Forecasts predict the numbers of 3-, 4-, and 5-year old adult returning chum salmon. The forecast is a combination of a recruit per spawner (R/S) prediction and a sibling prediction. The recruit per spawner forecast is based on the average number of fish of the three age classes that have returned from their parent spawners. The age compositions used in the forecast are calculated by averaging past years' age data derived from scale samples collected from chum caught in various fisheries. The R/S method has historically overestimated adult returns (by as much as 35%). The sibling approach uses the number of adults that have returned in the two most recent years from the same brood (parentage) as the fish being forecasted to return. For example, a return of age-3 chum can be used to predict the return of age-4 fish from the same parent spawning, using average age composition information. The sibling method tends to be a bit more accurate than the R/S model. Because each approach uses different information about future run size, an average of the two methods is used to make the final runsize prediction for Puget Sound chum.

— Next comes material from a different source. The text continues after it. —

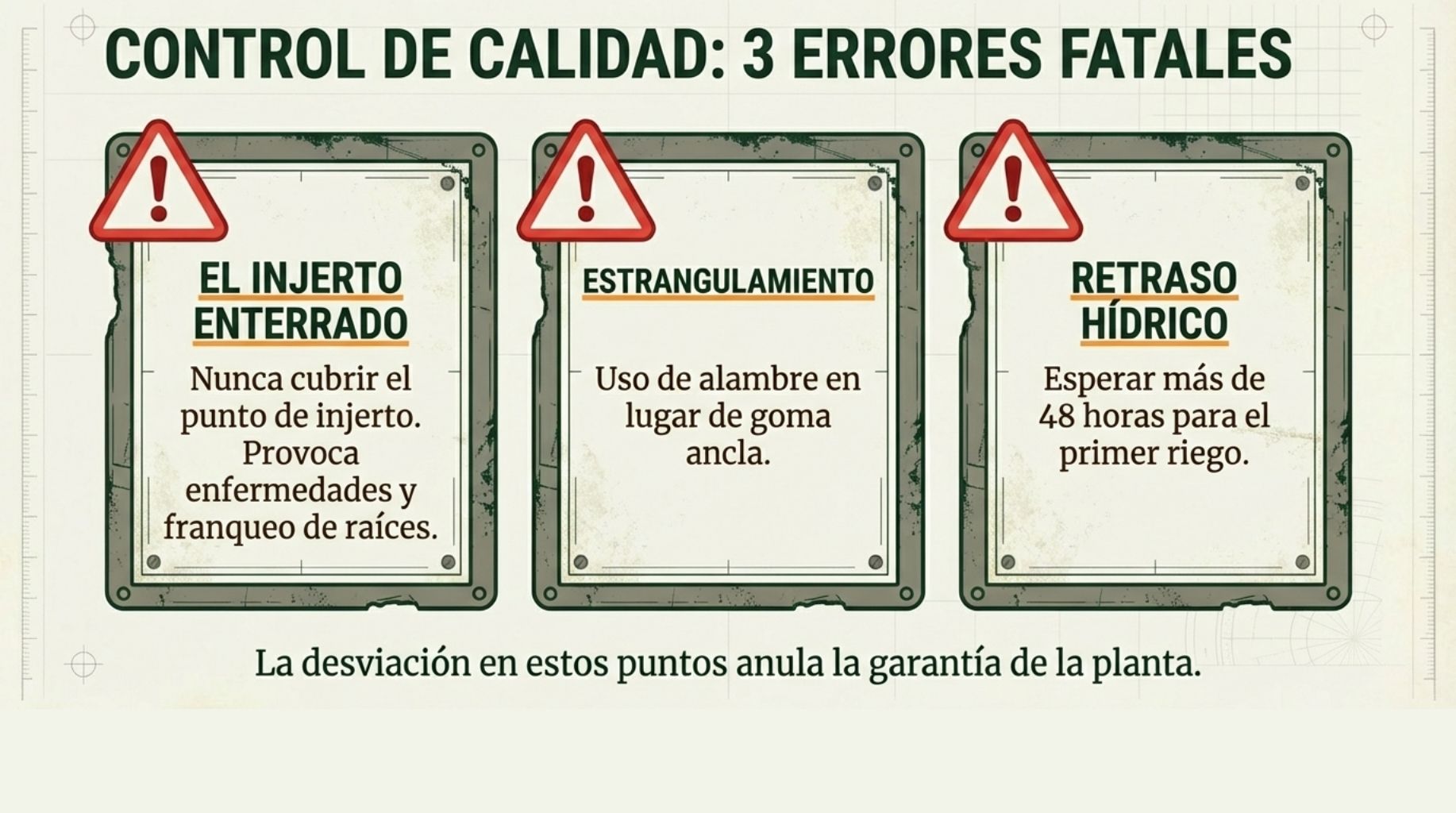 Injerto en campo: El vivero injerta la planta directamente en el terreno. Más barato, pero menos control de calidad.

The 2000 Puget Sound chum salmon forecast for fall timed chum is for a return of 1.2 million fish, and the winter timed chum salmon forecast will be available in the near future. Sport, tribal and commercial fisheries for 2000 will be designed to harvest any fall and winter chum salmon in excess of escapement needs based on the pre-season and in-season forecasts.

The Management Process

The recreational and commercial salmon fishing seasons for chum are set in the same manner as other salmon fisheries. The basic method is to review the pre-season forecast of abundance and then design fisheries that open in areas and during times when healthy stock predominate and weak stocks are relatively unaffected. Hood Canal Summer Chum are of special concern because of their threatened status under the Endangered Species Act. Consequently, fishing for chum salmon is prohibited in Hood Canal (Catch Record Card Area 12) and Admiralty Inlet (Catch Record Card Area 9) through the summer and early fall.

The fall and winter chum runs in Puget Sound are very healthy. The run size of fall chum is monitored in-season by test fisheries in Area 20 south of Vancouver Island as the fish pass through the Strait of Juan de Fuca and during October in Puget Sound in the vicinity of Apple Cove Point. If these test fisheries indicate the run is either much larger or much smaller than predicted in the pre-season forecast then commercial seasons are adjusted accordingly. Because the recreational harvest of chum is still relatively small, in-season adjustments to recreational fishing seasons focused on chum are rare.